Work request -> Task for the records below: please retype exactly and only the lines from the first through the one with "今後どのようなものを消費者は", with every picture omitted.
Segment Start: Material for this task
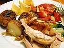 "do you think we can invite kay?" renata asked. "sure," i said. the marinated chicken we put on a shallow tray, tin foil on the bottom and a wall made to keep the juices from flowing out.
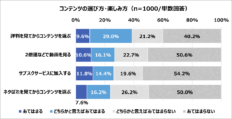 今後どのようなものを消費者は選んでいくのか、「環境」「SDGs」に焦点を絞り詳細を調べたところ、37.0%と約3人に1人が環境にやさしいものやSDGsを意識して選ぶようになったと回答。ジャンルでは「食品」が最も多く64.9%、次いで「生活雑貨」31.4%、「ファッション」25.9%と続き、エシカル消費への興味関心の高まりにより、一番身近で必要不可欠な「食品」をはじめ、乗り換え消費が進んで行くことが予想される。また、「タイパ(タイムパフォーマンス)」はエンタメ系コンテンツのセレクトで顕著に表れる結果に。
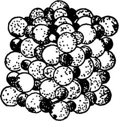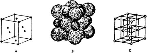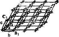 释义 | 晶体的定义和晶体的构造 1.晶体 内部质点在三维空间呈周期性重复排列的固体,或者说,是具有格子构造的固体。凡结晶颗粒能用一般放大镜分清的,称为显晶质(phanerocrystalline);凡结晶颗粒不能用一般放大镜分辨的,称为隐晶质(cryrtocrystalline)。 2.晶体的界限要素 有:晶面,即组成几何多面体的平面;晶棱,即晶面间的交棱;角顶,即晶棱的交点。所有凸多面体的界限要素关系,均服从艾列尔定律,即:晶面数(f)+角顶数(n)=晶棱数(r)+2。 完整的氯化钠晶体是由6个晶面(f=6)、8个角顶(n=8)和12条晶棱(r=12)构成的正立方体。 3.晶体内部构造最明显的特点,即质点(原子、离子、有时为分子)作有规律的排列,相同的质点在三维空间呈周期性的重复出现,成为格子构造。它是决定晶体性质(包括能自发成长为有规则的凸几何多面体的特性)的根本因素。不同的晶体内部构造不相同,现以氯化钠为例叙述如下: (1)晶格 晶体内部格子构造的简称。图2-5-1中由一些大球(代表Cl-)和小球(代表Na+)所堆成的立方体小块,是NaCl内部结构中极小的一部分;在1mm3的NaCl晶体内,包含着约7×1017个这样的立方体小块。沿着这个立方体小块棱的方向,Cl-和Na+以相等的间隔交替排列,每隔0.56402nm重复两次;而在平行于晶面的对角线方向上,Cl-或Na+各自均以0.39862nm的相等间隔连续排列;其他任何方向,情况也是这样;所有Cl-和Na+在三维空间均呈周期性重复的规则排列,构成一种格子状的构造。实践证明,所有天然产出的或人工制备的NaCl,不论其外形是否规则,内部质点都按上述规律,排成立方体的格子构造。氯化钠所以能长成有规则的立方体,就是这种格子构造决定的。 图2-5-1 NaCl的晶体结构 大球-Cl-;小球-Na+ (2)晶体几何常数 轴率a∶b∶c和轴角α、β、γ的合称,是表示晶体坐标系特征的一组参数。 ①结晶轴 在晶体中选定一个三维的坐标系作为结晶轴,即晶体中的坐标轴。标记为x轴、y轴、z轴或a轴、b轴、c轴。各结晶轴的交点位于晶体的中心。三个结晶轴的安置是:c轴上下直立,正端朝上;b轴在左右方向,正端朝右;a轴则在前后方向,正端朝前。如图2-5-2。 图2-5-2 结晶轴与轴角 ②轴角 每两个结晶轴正端之间的交角。它们是:α=b轴∧c轴,β=c轴∧a轴,γ=a轴∧b轴。见图2-5-2。 ③轴率 a、b、c三个结晶轴的单位连比,记为a∶b∶c,也称轴单位比。通常写成以b为1的连比式:A∶1∶C。式中:A=a/b,C=c/b。氯化钠晶体的轴率即写成a∶b∶c=1∶1∶1,轴角写成α=β=γ=90°。 (3)晶胞 能充分反映整个晶体结构特征的最小结构单位。由一个晶胞出发,就能借助于平移,重复出整个晶体结构。晶体结构中划分晶胞的平行6面体单位,其形状、大小与对应的空间格子中的平行6面体一致,其质点在空间分布的重复规律也与对应空间格子中的结点在空间分布的重复规律相同;两者的区别在于:空间格子中的平行六面体是由不具备任何物理、化学特性的几何点构成的,晶体结构中的晶胞则是由实在的具体质点构成的。 (4)晶胞参数 用来表征晶胞的形状、大小的一组数据,与对应的单位平行6面体参数完全一致。 图2-5-3A是从NaCl晶体结构中抽象出来的一个单位平行6面体,其表现为立方面心格子,棱长0.56402nm。图2-5-3B是从NaCl晶体结构中划分出来的一个单位晶胞,棱长(相当于相邻顶角上两个Cl-中心的间距)也是0.56402nm,晶胞参数是: 棱长 a0=b0=c0=0.56402nm 轴角 α=β=γ=90° 含分子个数Z=4,即1个CaCl分子是由4个Cl-和4个Na+按立方面心格子的形式分布、组成的。 图2-5-3 石盐晶体结构的立方面心格子(A)和晶胞(B和C) 为了便于透视后面的质点,在绘制晶胞图时,通常都把质点半径缩小,使实际上相互接触的质点彼此分开,如图2-5-3C。 4.空间格子及构成要素 (1)空间格子 如图2-5-4,相当点(即结点)在三度空间作格子状排列,称为空间格子,是表示晶体构造规律性的几何图形,由相当点在三度空间无限排列而成。空间 格子是由点构成的,这些点分布于相等的、位置平行而且充满着空间的平行6面体的顶点。 图2-5-4 空间格子 (2)行列 如图2-5-5。结点在连线上的排列,构成一个行列。行列上有两个相邻结点间的距离,称为结点间距。 图2-5-5 空间格子的行例 A0,A1,A2……一结点;a-结点距离 (3)面网 如图2-5-6。结点在平面上的分布构成面网。面网上,结点分布于各平行四边形的角顶。面网密度是指单位面积内结点的数目。 图2-5-6 空间格子的面纲 |
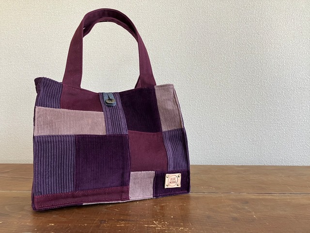 トートバッグ(S) 紫コーデュロイ 珍しい色合わせです。 濃いめの紫やマットなピンクを4色合わせました。 Sサイズ W26×H20×D16cm <BLUEWORKSのトートバッグのご説明> 古着のデニムをパッチワークで繋ぎバッグに仕立てています。 5〜6色の色を合わせて作るバッグなので色の合わせ方で表情が違ってきます。 シンプルなインディゴやブルーも当然ながら、カラーデニムを使った限定色もたまに出没します。 トートバッグって機能的ですよね! BLUEWORKSのトートバッグはサイドにジーンズのポケットが付いています。 そんなにたくさんの物が入るポケットじゃないけど、何気に便利です。 そしてこのサイドにポケットを付けたくてこの「まち」の広さと「四角」の形なんです。 内側にはメッシュの大きなポケット、小分け用のポケットが付いていて使いやすさ抜群です。 取り外せる中敷が付いていますので重たい物を入れてもしっかり持てます。 注意として、 使うごとに柔らかくなっていきます。 布のバッグですのでご承知くださいませ。 洗っていただくことは可能です。 柔らかさが気になる方はお洗濯の際、糊付けをしていただくと多少固さが戻ります。 修理などご要望の方はご連絡いただければご相談受け付けます。 店頭にて同時販売しておりますので、品切れの際にはご了承ください。
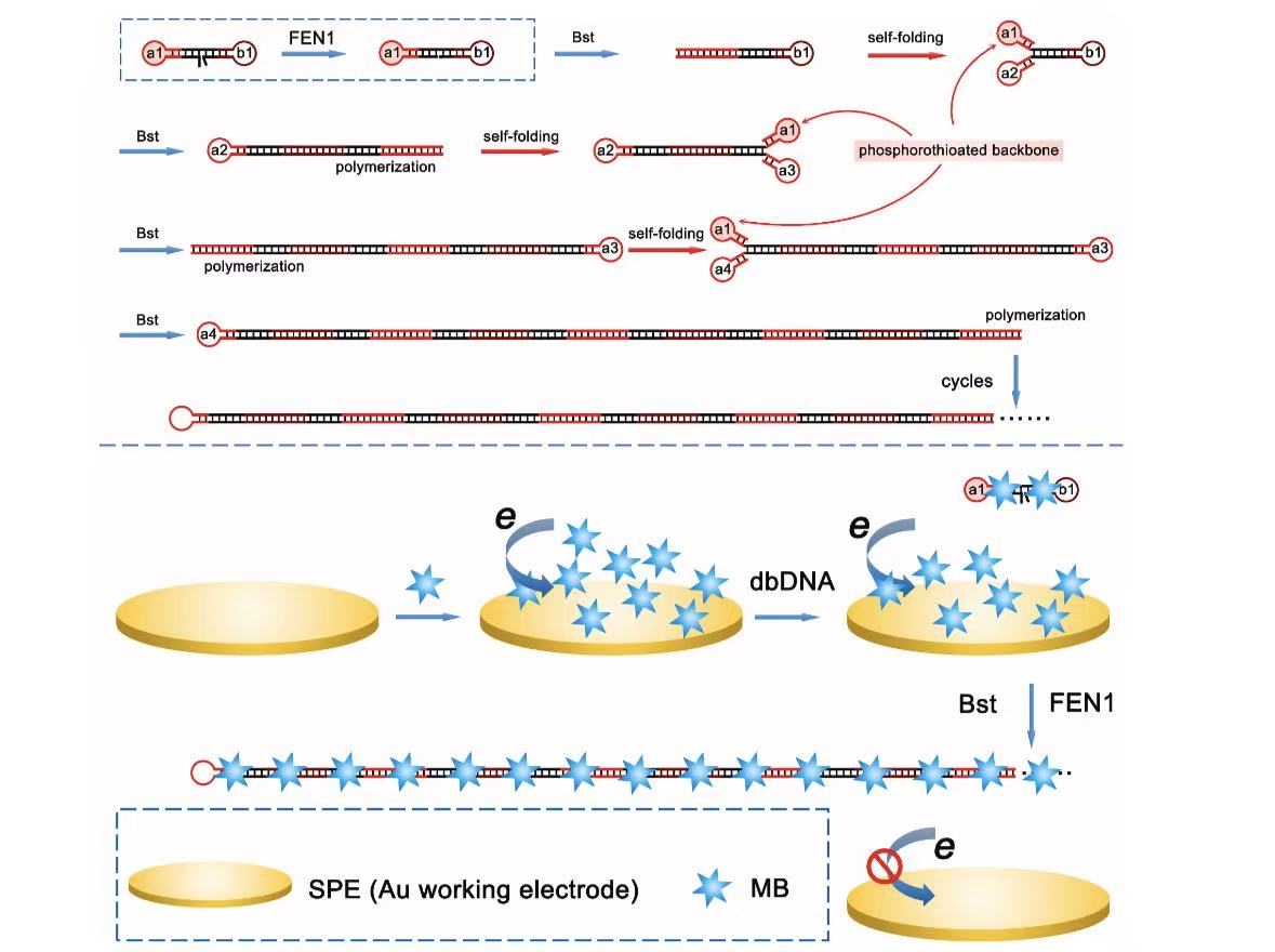 蛋白质均相电化学传感研究取得进展。蛋白质是构成生命体结构和功能的基础组成元件,执行大量细胞生理功能。瓣状核酸内切酶-1(FEN1)是一种结构特异性酶,能够识别三碱基重叠结构并对其进行切割,释放出5-flap片段。FEN1在DNA链复制、端粒维持以及DNA修复等DNA结构调控中起到重要作用,对于维持基因组的稳定性至关重要。FEN1可以作为潜在的疾病生物标志物和治疗的药物靶点。
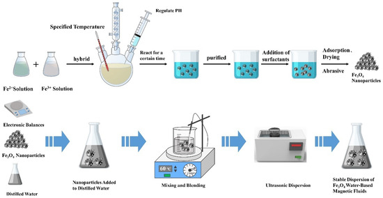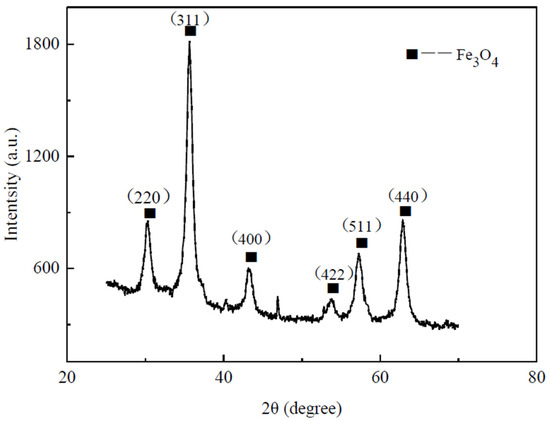 The water–Fe3O4 magnetic fluid investigated in this study was synthesized via chemical coprecipitation by our group. The process of preparing water-based magnetic fluid is presented in Figure 1. A precise amount of FeCl2–4H2O and FeCl3–6H2O were weighed in a 1:2 ratio, mixed together, and dissolved in deionized water. The solution was then transferred to a three-necked flask, which was heated to 70 °C using a thermostatic water bath and stirred using an electric stirrer at 300 rpm. The solution was kept constantly stirred at 300 rpm and heated at 70 °C using a thermostatic water bath. We then added an appropriate amount of NH3–H2O or NaOH solution to the salt mixture under continuous stirring for 30 min. This resulted in the creation of a black precipitate. Oleic acid was added to the solution as a surfactant and the reaction was allowed to proceed for an hour. Upon completion, the heating and stirring were halted, and the resulting black mixture was transferred to a beaker. The beaker was then cooled and washed repeatedly with deionized water. The solid particles were washed, settled in a magnetic field, and subsequently dried in a vacuum oven. Finally, the particles were ground to produce Fe3O4 magnetic particles coated with a surfactant. The Fe3O4 magnetic nanoparticles coated with surfactant were homogeneously blended with the carrier liquid. The magnetic particles were evenly dissolved in the carrier liquid through ultrasonication and dispersion (or high-energy ball milling). The use of ultrasonic dispersion (or high-energy ball milling) ensured even dissolution of magnetic particles in the carrier liquid, thus generating a stable magnetic fluid. The Fe3O4 magnetic particles were analyzed using a Bruker D8-Advance X-ray diffractometer (XRD), and their XRD pattern is presented in Figure 2. Comparison with the standard PDF card revealed that Fe3O4 was the principal constituent of the product.
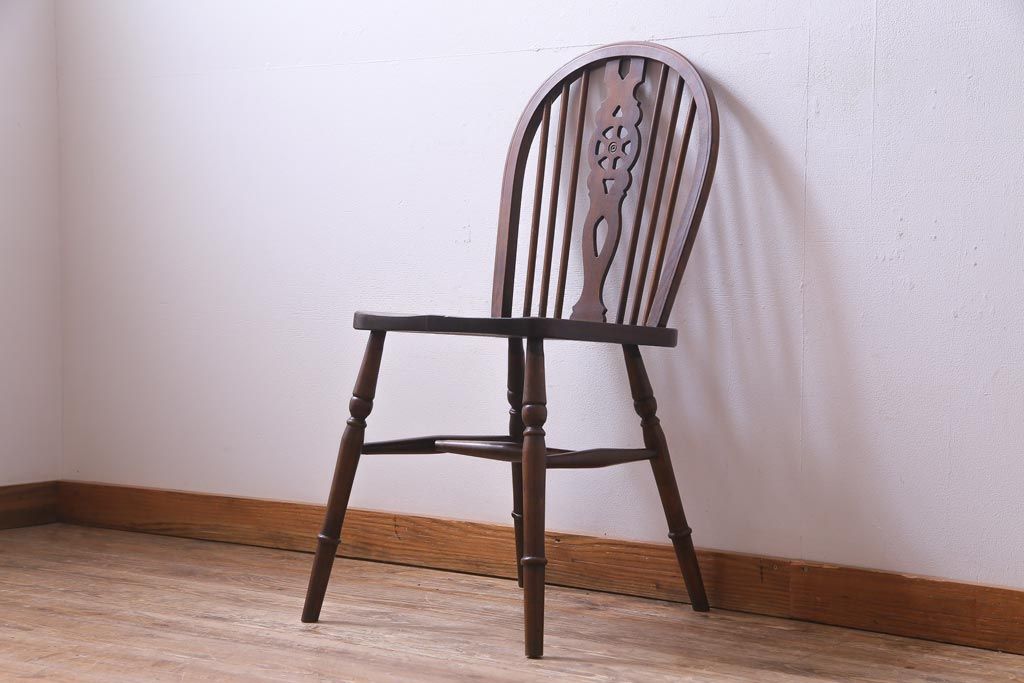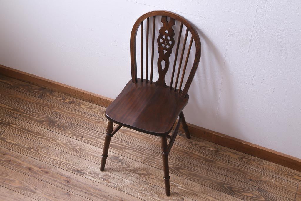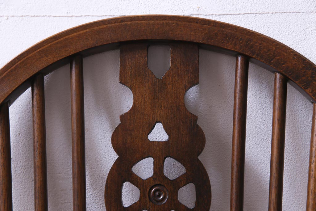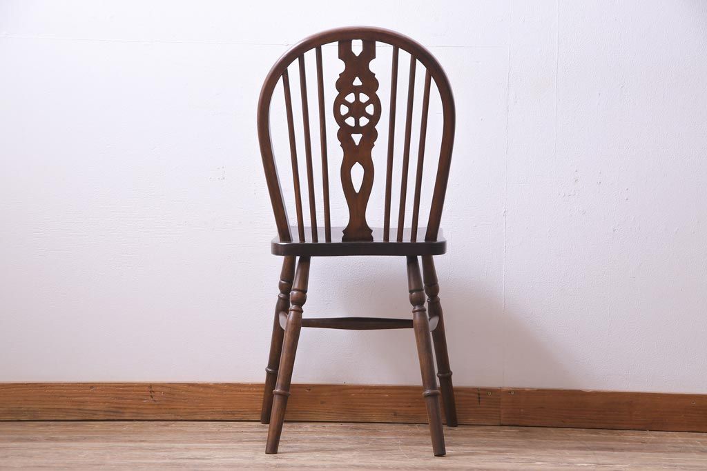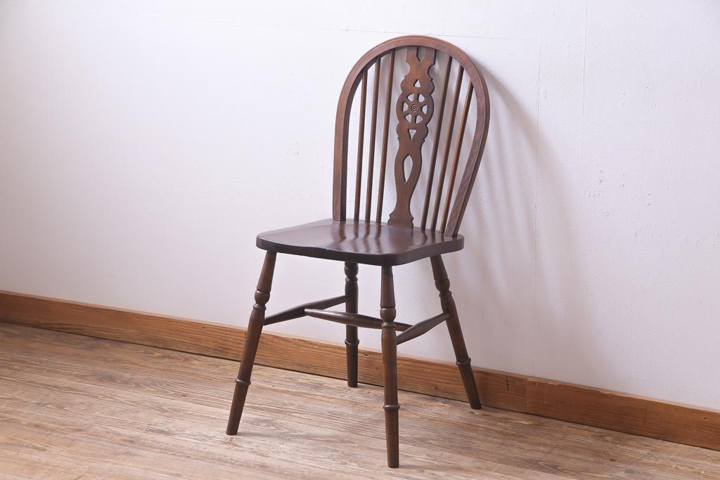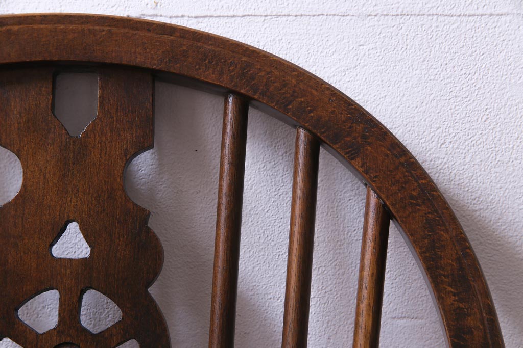 ヴィンテージ家具 イギリスビンテージ 背もたれの透かし彫りがお洒落なホイールバックチェア(板座チェア、ダイニングチェア)(1)
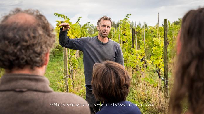 Enkele tientallen aspirant-leden van burgerinitiatief Nieuw West-Brabant zijn deze vrijdag 9 september afgekomen op de rondleiding en proeverij. Langeveld neemt ze mee door de biologisch-dynamische wijngaard. Het is keihard werken. Met aanvankelijk weinig resultaat. Het kostte Langeveld 14 jaar om 'break-even' te draaien, omdat een wijnstok traag groeit en veel soorten tijdens de experimentele fase het loodje legden en moesten worden vervangen door nieuwe rassen. Zijn partner Monique was de kostwinner.
Segment End: Material for this task
Task output ->
 "do you think we can invite kay?" renata asked. "sure," i said. the marinated chicken we put on a shallow tray, tin foil on the bottom and a wall made to keep the juices from flowing out.
 今後どのようなものを消費者は選んでいくのか、「環境」「SDGs」に焦点を絞り詳細を調べたところ、37.0%と約3人に1人が環境にやさしいものやSDGsを意識して選ぶようになったと回答。ジャンルでは「食品」が最も多く64.9%、次いで「生活雑貨」31.4%、「ファッション」25.9%と続き、エシカル消費への興味関心の高まりにより、一番身近で必要不可欠な「食品」をはじめ、乗り換え消費が進んで行くことが予想される。また、「タイパ(タイムパフォーマンス)」はエンタメ系コンテンツのセレクトで顕著に表れる結果に。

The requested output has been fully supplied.